> [EXERCISE OBJECTIVE] Nothing but a verbatim copy of the data, minus the images, should be returned.

> [GIVEN INFORMATION]

--------------------------------------------------

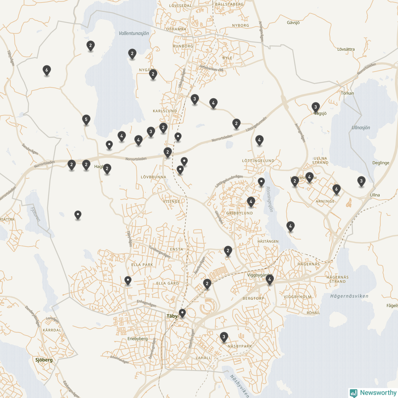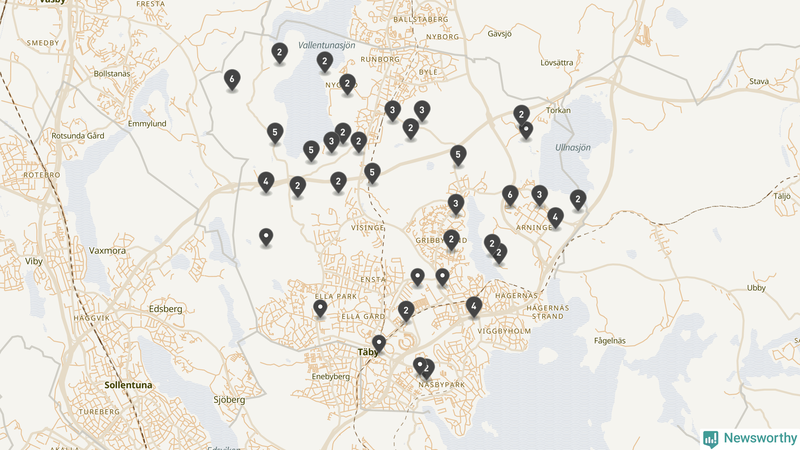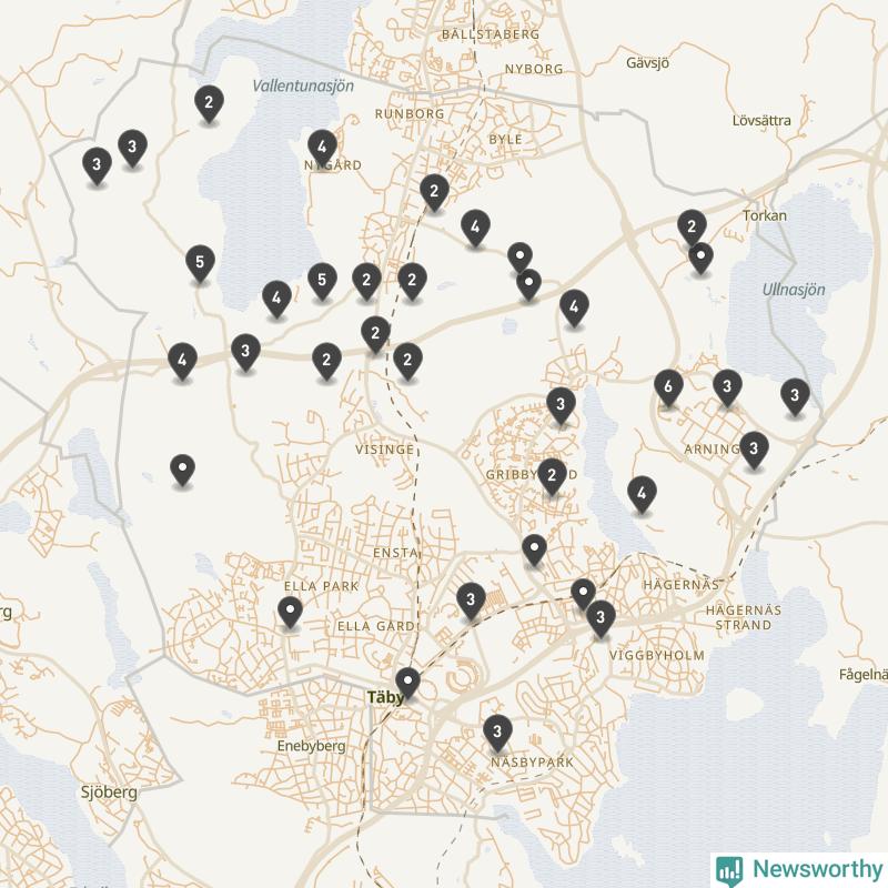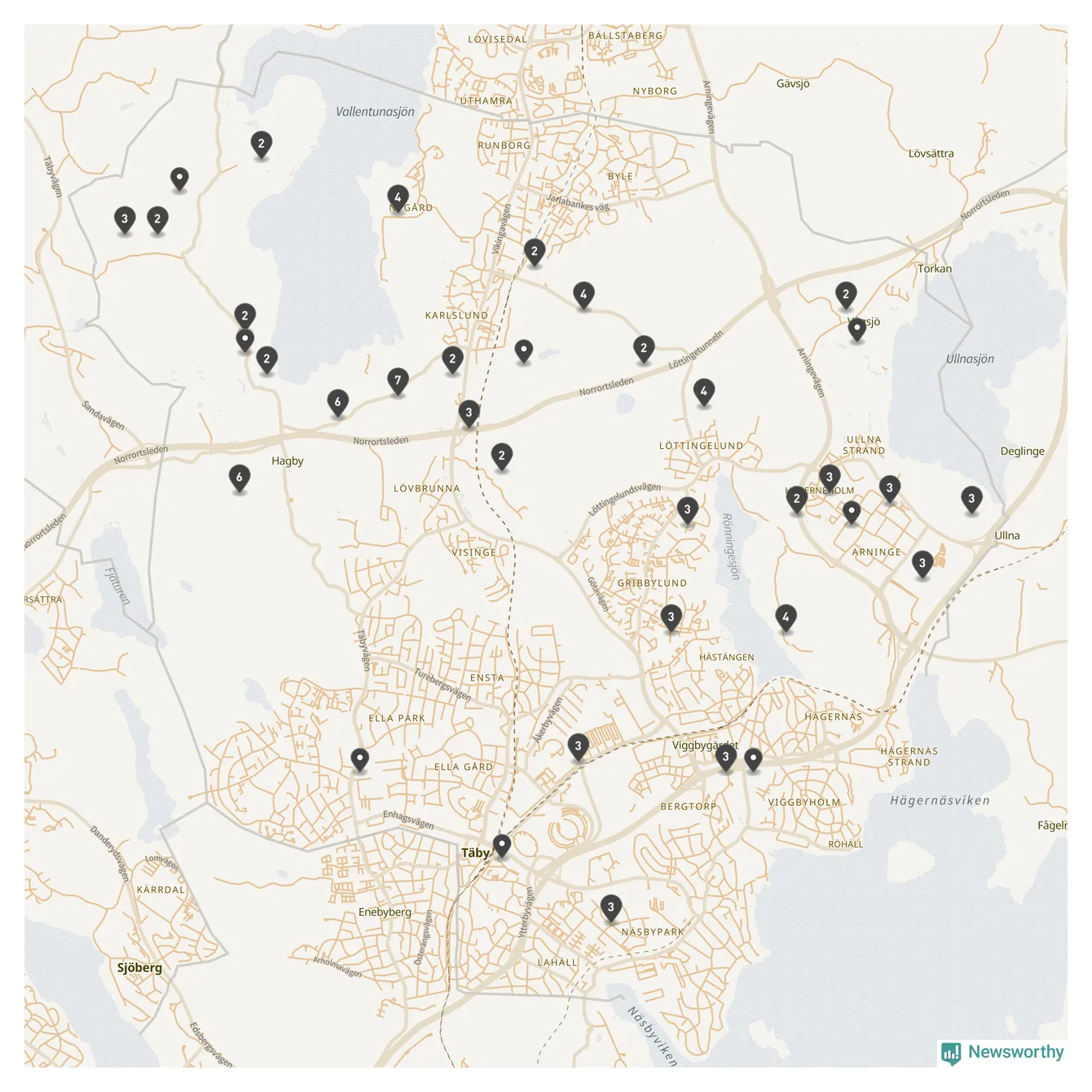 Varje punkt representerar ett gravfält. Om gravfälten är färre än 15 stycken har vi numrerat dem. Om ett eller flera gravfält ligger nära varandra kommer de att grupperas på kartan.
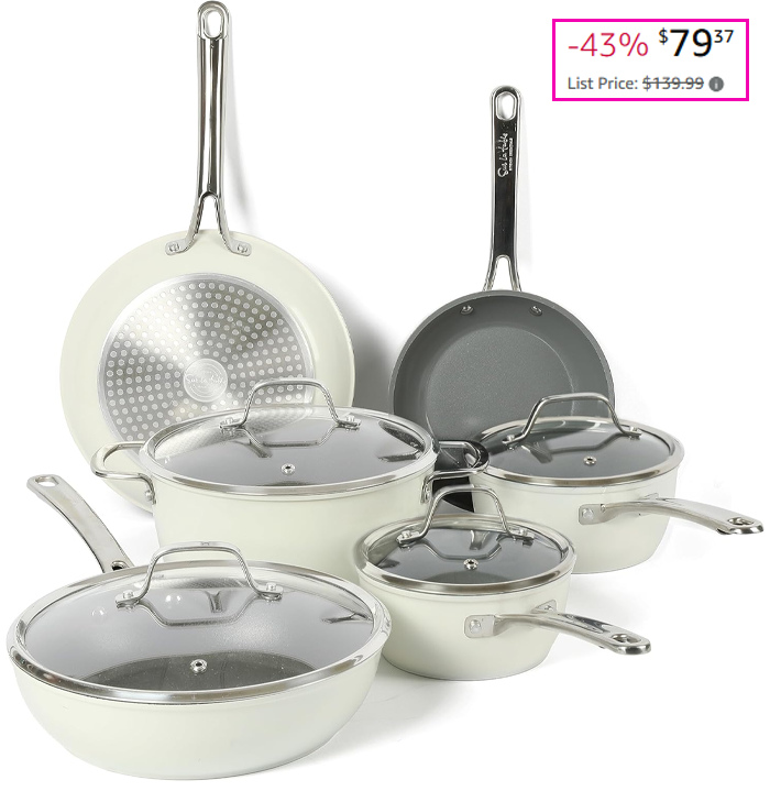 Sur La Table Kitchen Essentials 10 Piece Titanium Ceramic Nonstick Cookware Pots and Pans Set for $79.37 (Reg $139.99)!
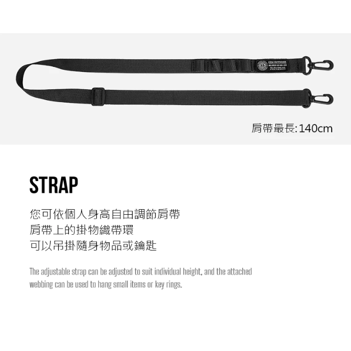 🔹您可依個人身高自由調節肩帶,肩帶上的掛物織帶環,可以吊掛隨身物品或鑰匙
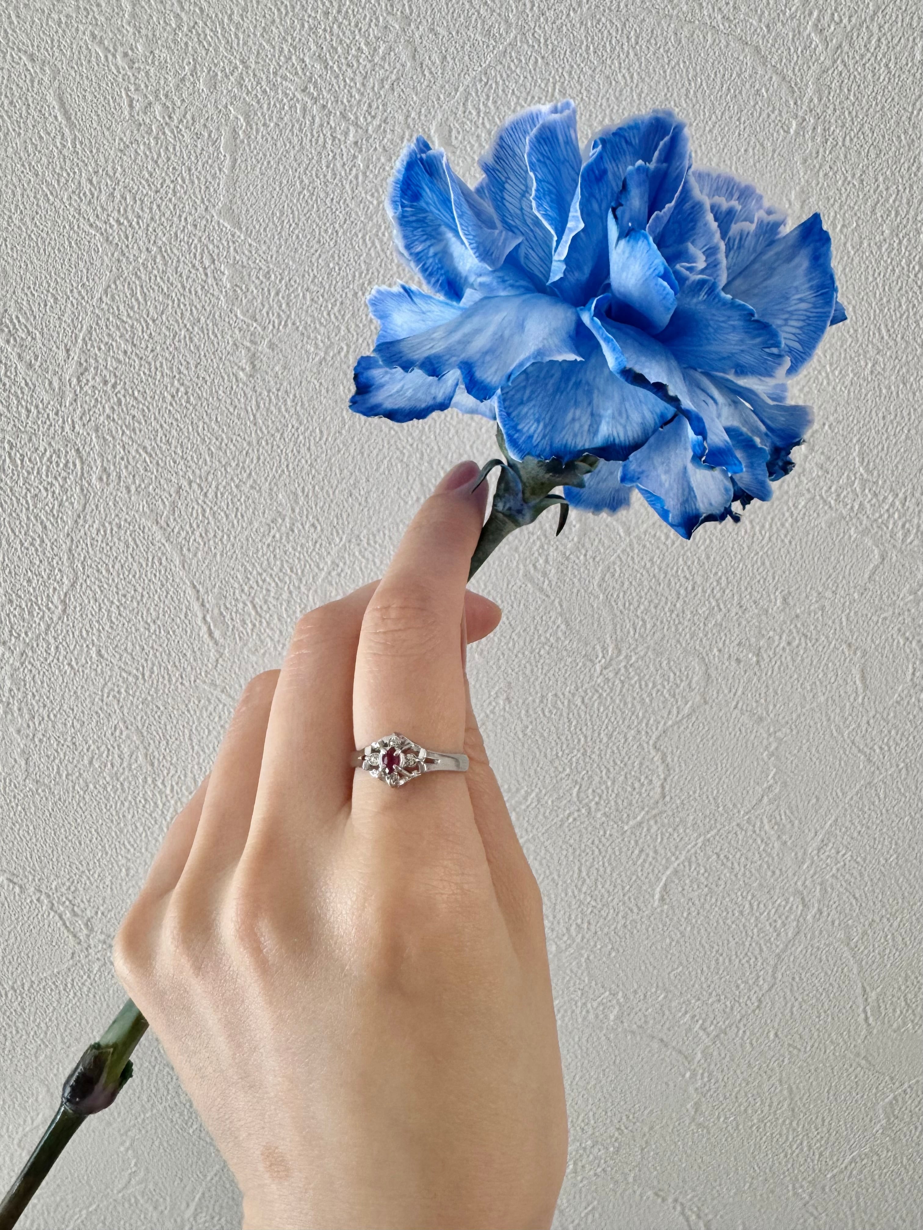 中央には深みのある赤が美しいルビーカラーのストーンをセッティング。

--------------------------------------------------

> [EXERCISE RESPONSE]
 Varje punkt representerar ett gravfält. Om gravfälten är färre än 15 stycken har vi numrerat dem. Om ett eller flera gravfält ligger nära varandra kommer de att grupperas på kartan.
 Sur La Table Kitchen Essentials 10 Piece Titanium Ceramic Nonstick Cookware Pots and Pans Set for $79.37 (Reg $139.99)!
 🔹您可依個人身高自由調節肩帶,肩帶上的掛物織帶環,可以吊掛隨身物品或鑰匙
 中央には深みのある赤が美しいルビーカラーのストーンをセッティング。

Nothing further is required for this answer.